Впереди было плавное скольжение по воде великой реки, по белесой ее поверхности, раздвинувшей мутнеющие за дождем зеленые берега. Белые и красные бакены казались ему живыми существами, обреченными, как и он, на одиночество. Деревни и села выбегали гурьбой, как дети, посмотреть на плывущий по реке теплоход. "Искореженные церкви без крестов, истлевшие купола, небо, сквозящее сквозь решетчатые каркасы, кирпичные руины с белыми лишаями порушенной штукатурки — сирые эти калеки, знавшие когда-то благой вопль младенца в купели и тишину восковых лиц, запах ладана и дрожащий свет свечей, взывали теперь к милосердию и миру, мученическим своим образом, язвами своими и кроваво-кирпичными ранами пробуждая в людях, не утративших совести, ужас от содеянного и смертельную тоску.
Теплоход причалил к высокому зеленому берегу с мокрой желтой дорогой, уходившей в распадок, в заросли нежно зеленеющих кустов отцветшей уже черемухи.
Через сутки Темляков уже подумывал, как убежать из профсоюзного дома отдыха.

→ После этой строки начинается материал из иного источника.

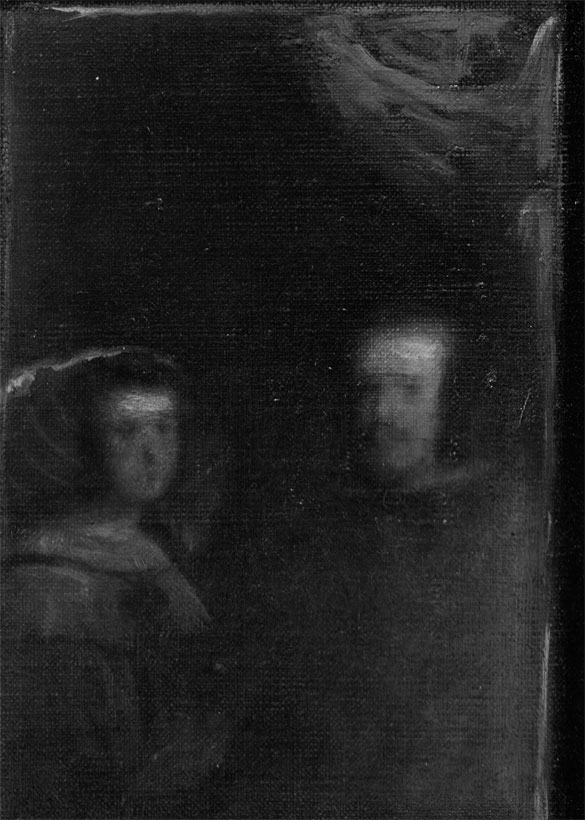 В мастерской художника особая атмосфера из-за жидкого света, который проникает в это пространство. Это необыкновенное живое пятно света и цвета, а вовсе не живопись, о которой мы будем говорить далее. Так вот, мы стоим между девочкой, ее свитой, художником Веласкесом и теми, кого он пишет. А кого же пишет Веласкес? Это очень интересно. Мы не можем оглянуться и посмотреть на тех, кого он пишет, но мы догадываемся, кто это. Он, по всей вероятности, пишет тех, кто отразился в зеркале на дальней стене в мастерской, – это король и королева. Конечно, он пишет короля и королеву на этом большом холсте, потому что это они отразились в том зеркале. Вот в чем вопрос: а писал ли он их? Мы сейчас специально говорим не о живописи, а о том, что изображено на картине и о композиции этой картины. Очень интересно, что художник Веласкес пишет тех, кого он не писал никогда. Даже самые строгие инвентаризаторы его творчества знают, что никакого парного портрета короля и королевы у Веласкеса не было. И никогда Веласкес не писал Филиппа IV рядом с его второй женой. Но у нас такое впечатление, что он пишет именно их и они отражены в зеркале.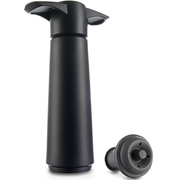 Vinbesparingspumpen från Vacu Vin extraherar luften från öppnade flaskor och försluter dem igen med en återanvändbar gummipropp. Vakuumet fördröjer oxidationsprocessen för att bevara vinet under en längre tid. Placera vakuumproppen i flaskan och pumpa tills den ger ett "klick"-ljud. Wine Saver har sina rötter i den första versionen som skapades 1986. Wine Saver Concerto är designad med ett ergonomiskt och elegant grepp. Wine Saver Stainless Steel är premiumutgåvan av originalet.

В вестибюле на самом видном месте в деревянной лакированной рамке, укрепленной тут навсегда, висели правила проживания в грязном этом, плохо построенном и обшарпанном доме. Одна строка под номером шесть особенно удручающе подействовала на него. В ней говорилось, что выбрасывать из окон пищевые отходы, окурки, бутылки и другой мусор строго воспрещается. Он подумал, что если об этом напоминают в такой дикой форме, значит — выбрасывают. Прочел вслух.
— А что, — спросил он регистраторшу оскорбленно, — выбрасывают? Случается такое?

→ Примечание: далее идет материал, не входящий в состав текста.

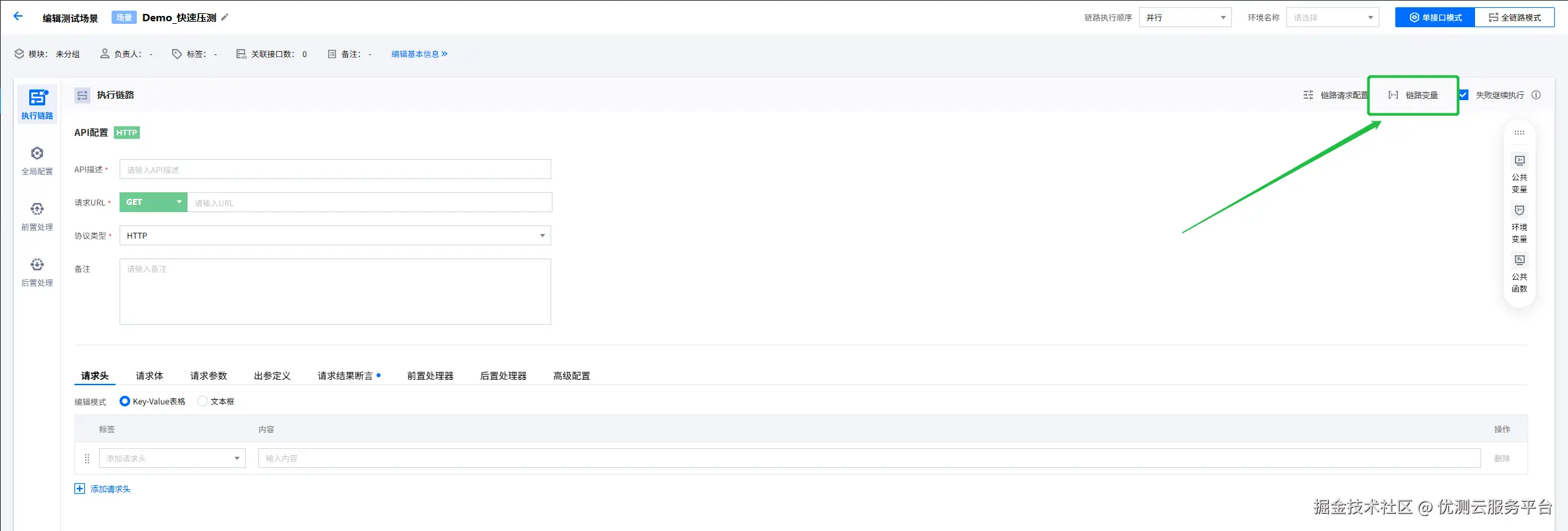 推荐使用全局文件变量,对于多条链路可共享测试数据。

— Каждый день убираем, — ответила та сумрачно. — Контингент известный.
— Может быть, тогда снять эти правила? — заметил он в отчаянии. Но ответа не услышал.
В столовой, пропахшей супом, он огляделся, увидел «контингент», поедающий винегрет и тычащий вилками в общую хлебницу, таща себе на алюминиевых зубьях серые ноздреватые куски, разглядел своих соседей, которые не ответили на приветствие, не приучившись к простой вежливости, и у него заныло в груди, как будто он угодил на двадцать суток в какой-то исправительно-трудовой лагерь, правила которого привели его в паническое состояние. Он понял, что ему тут будет плохо и надо бежать домой.

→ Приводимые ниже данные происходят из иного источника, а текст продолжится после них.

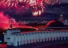 Veterans of the 8th Estonian Rifle Corps often lead solemn ceremonies in the capital. On the third anniversary in 1947, the Bronze Soldier of Tallinn was created.[11] In 2019, the Ministry of Foreign Affairs rebutted claims by Russian foreign ministry spokesperson Maria Zakharova that the Tallinn Offensive was a liberation, saying that it was a false presentation of the "liberation of European peoples from fascist enslavement".[12] That year, a fireworks celebration marking the 75th anniversary of the offensive took place in Moscow.[13]

Если бы не Инга, почуявшая в нем родственную душу и провисшим взглядом через всю столовую сказавшая ему об этом, он так и поступил бы, не видя никакого просвета в принудительном отдыхе в неряшливом бетонном доме с голыми комнатами на три койки, в которых не было даже настольных лампочек возле скрипучих старых кроватей.
Соседи его, два крупных парня, сразу назвали его дедом.
— Во, гля, видел! Деда к нам заселяют, — воскликнул один из них.
— Здорово, дед! — сказал другой. — Считай, что подфартило, будешь третьим. — И быстрым нырком руки достал бутылку водки из-под кровати.
Наутро парни хмуро поглядывали на него, считая, наверно, что он обидел их в лучших чувствах, отказавшись быть третьим. А Темляков опять подумал, что нужно срочно бежать отсюда, пока он не взбесился в этой душной клетке, куда так нелепо попал.
В комнате пахло сивухой, которая, как головная боль, сочилась из липких ртов соседей, из сопящих ноздрей, из отекших глаз, не знавших никогда радостных улыбок.
— С добрым утром, — сказал Темляков.
— Ага, — откликнулся один.
Другой промолчал.
— Наконец-то прояснило, — сказал Темляков. — Солнышко. Это хорошо.
— Без разницы, — сказал тот же. — Под дождь даже лучше.
— Лучше в праздники, — поправил его «дед».
— А сегодня праздник, ага, — мрачно подтвердил парень. — Триста лет балалайке.
На другой день директор по униженной просьбе переселил его к тихому старику. Но запахи преследовали его. Слабое тело старика сильно и очень неприятно пахло поросячьей запаркой. Он и в теплые эти весенние дни носил байковое белье, в котором и спал, ложась в постель после ужина и гася свет ровно в тот час, который был назначен в правилах.
— Послушайте, вы меня простите, — сказал ему Темляков, когда тот заворчал однажды, отворачиваясь от позднего света, который Темляков включил. — Разве вам не хочется прогуляться? Такой вечер! Соловьи поют,
— А что такое — соловьи? — спросил злой старикан.
— Это птицы такие, — с отвращением ответил Темляков.
— Ах птицы, — сказал старикан и ехидно проворчал: — Ешь с голоду, а люби смолоду. Соловей!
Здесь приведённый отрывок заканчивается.